Chang now petitions this Court for review.

II.

We review the BIA’s denial of a motion to reopen for an abuse of discretion. Jiang v. U.S. Att’y Gen., 568 F.3d 1252, 1256 (11th Cir.2009). Review is limited to determining whether the BIA exercised its discretion in an arbitrary or capricious manner. Zhang v. U.S. Att’y Gen., 572 F.3d 1316, 1319 (11th Cir.2009). The BIA’s factual findings are considered “conclusive unless a reasonable factfinder would be compelled to conclude to the contrary.” Lonyem v. U.S. Att’y Gen., 352 F.3d 1338, 1340 (11th Cir.2003).

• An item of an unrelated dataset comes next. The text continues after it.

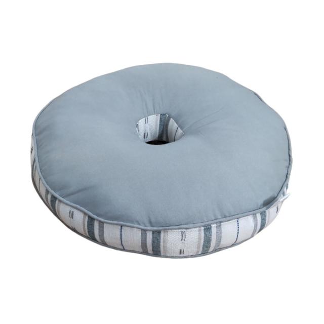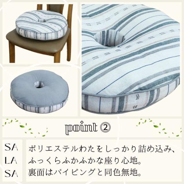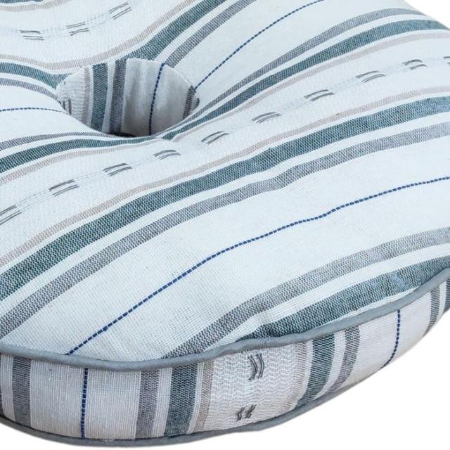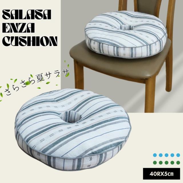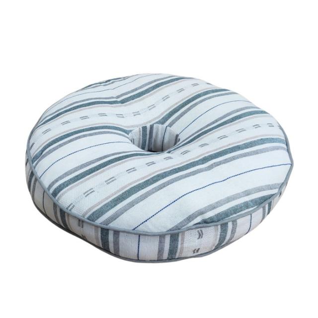 インド綿風生地 マチ付厚手円座クッション サラサ グリーン色 丸型 40Rx5cm さらさらボーダー柄 お尻に優しいドーナツ型

The BIA may deny a motion to reopen on any one of three grounds: (1) the petitioner failed to establish a prima facie case for relief; (2) the petitioner failed to present evidence that was material and previously unavailable; or (3) the BIA determines that, despite eligibility for relief, the petitioner is not entitled to a favorable exercise of discretion. Jiang, 568 F.3d at 1256-57.

III.

Chang contends that the BIA erred in denying his motion to reopen based on lack of notice and changed country conditions. 1 Ordinarily, a petitioner may file only one motion to reopen, and must do so no later than 90 days after the final order of removal is entered. 8 U.S.C. § 1229a(c)(7); 8 C.F.R.